The bovine teat skin may be an important reservoir for contagious mastitis pathogens, as the presence of bacteria on teat skin has been associated with IMI in the same quarter and bacteria has been found on teat skin in quarters not having IMI, suggesting that colonization and/or contamination of teat skin from sources other than milk of the same quarter is likely possible. Furthermore, controlling of Staph. aureus and Strep. agalactiae in large dairy herds without considering the environmental reservoirs may lead to unsuccessful control and eradication. Therefore, PCR tests on teat skin or environmental samples could become a useful tool in controlling Strep. agalactiae and Staph. aureus mastitis.

We carried out this study to estimate the sensitivity (Se) and specificity (Sp) of the commercially available Mastit4 qPCR assay and BC for the identification of Strep. agalactiae and Staph. aureus in milk and teat skin samples from high somatic cell count (SCC) cows in AMS herds using latent class model (LCA) fit within a Bayesian framework.We randomly selected 30–40 cows and teat skin samples and aseptic milk samples were collected. Bacterial colonies of Strep. agalactiae and Staph. aureus were isolated on different bacterial culture agars and then were phenotypically identified based on morphological characteristic.

Our findings from the milk samples analysis showed that the Se and Sp of qPCR for Strep. agalactiae were estimated to 97% and 99%, respectively, whereas the Se and Sp of BC were 41% and 100%, respectively.
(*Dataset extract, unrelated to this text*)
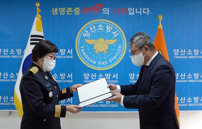 | ▲경남 양산시 양산소방서에서 열린 제59주년 소방의 날 기념식에서 쿠팡 양산물류센터 이윤우 센터장(사진 오른쪽)이 양산소방서 박정미 소방서장(사진 왼쪽)으로부터 경남도지사 표창을 받고 있다. [쿠팡 제공] |

The Se and Sp of qPCR for Staph. aureus were estimated to 95% and 99%, respectively, whereas the Se and Sp of BC were 54% and 77%, respectively. For teat skin samples, the Se and Sp of qPCR for Strep. agalactiae were estimated to be 97% and 96%, respectively, whereas the Se and Sp of BC were 33% and 100%, respectively. The Se and Sp of qPCR for Staph. aureus were estimated to 94% and 98%, respectively, whereas the Se and Sp of BC were 44% and 74%, respectively.

We concluded that the Se for diagnosing Strep. agalactiae and Staph. aureus IMI was higher for qPCR than BC, suggesting that qPCR is a valuable method for detecting both pathogens from quarter-level milk samples. The performance of BC in the detection of Strep. agalactiae and Staph. aureus on teat skin was poor compared to qPCR, indicating that differences in the target condition of the two methods should be considered when implementing them as routine diagnostic tests for detecting teat skin colonisers. The low Se of BC may preclude the use of BC for skin testing, and qPCR is better for this task.